Please submit nominations by 1 June 2021 to Clint Kelly at kelly.clint@uqam.ca

 

Description of awards

 

1. Open Science in Practice

This award aims to recognize and reward researchers who have endeavoured to implement best practices in Open Science (OS) within their research workflow, thereby increasing the transparency and reproducibility of their research activities.

Three separate awards will be given: one for Masters students (current, or <12 months since degree conferred), one for PhD students (current, or <12 months since degree conferred), and one for postdoctoral research associates (< three years since doctoral degree conferred).

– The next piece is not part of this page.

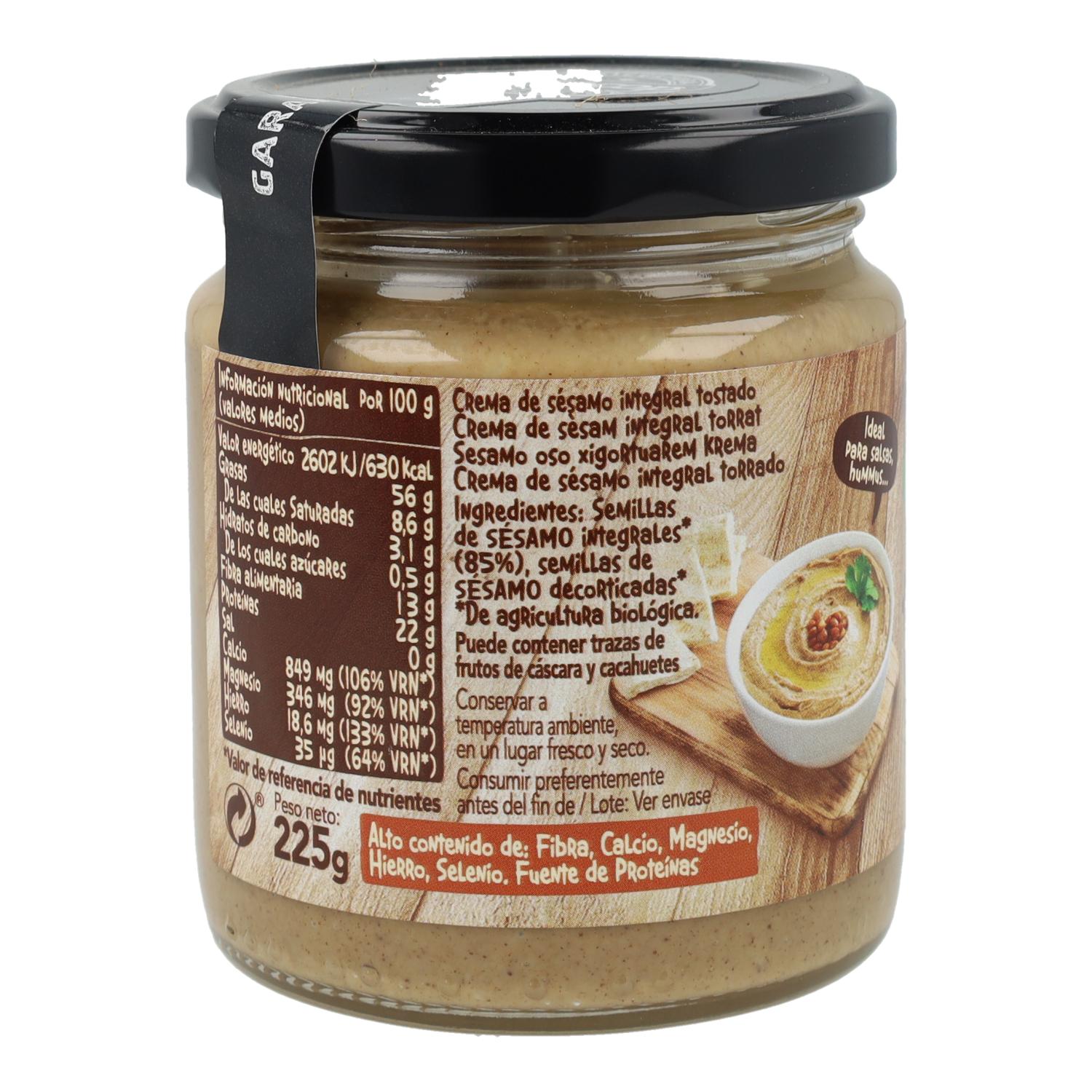 Crema 100 % natural de semillas de sésamo tostadas, procedentes de agricultura ecológica. Sin sal añadida, sin gluten y apta para dietas veganas. Ideal para untar, aliñar o preparar hummus.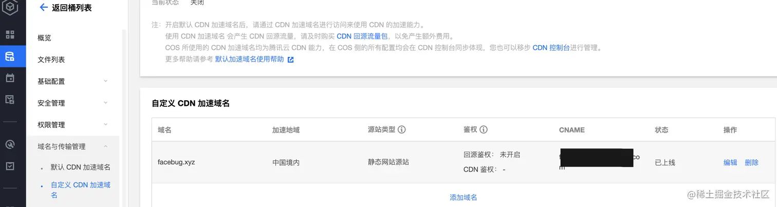 腾讯云的 COS 静态网站+自定义 CDN 加速

If the awardees are selected by the committee with lead time sufficient time, the awardees will each be invited to give a short (~15 minute) presentation at the inaugural SORTEE conference, to be held 12-14 July 2021. The awardees’ work will also be promoted by SORTEE via Twitter, and announced to other EEB societies (e.g. CSEE, ESA). In this inaugural year for SORTEE and its activities, we unfortunately do not have funds available for awards, and we may not be able to select the awardees with sufficient lead time to provide presentation slots at the conference.

All steps that are taken to improve the transparency and reproducibility of EEB research are valuable and appreciated, and achieving the “ideal” workflow in practice will, for many of us, be a life-long endeavour and learning experience! We therefore encourage all eligible researchers to apply, regardless of how far along this path you find yourself. For example, a graduate student or postdoc may not have implemented many or any OS best practices from the outset of their research career because they initially did not have access to the training and support necessary. Thus, their earlier work may be less transparent and reproducible than their later work. This is entirely expected, and should not discourage you from applying for this award.

 

Application materials:

(i) A letter (maximum 500 words) describing why you are deserving of this award, and referring to evidence and examples (accessible to adjudicators through URLs / DOIs) of how you have integrated OS best practices into your research workflow as a graduate student or postdoc.
(ii) An up-to-date CV.
(iii) A brief document (maximum 300 words) describing other elements of reproducibility or open science that you wish to have applied to your research, but were limited by financial constraints, access to certain resources, bureaucratic restrictions, or any other barrier.

 

Criteria:
The criteria for judging submissions are based on TOP journal guidelines modified for application to individual publications.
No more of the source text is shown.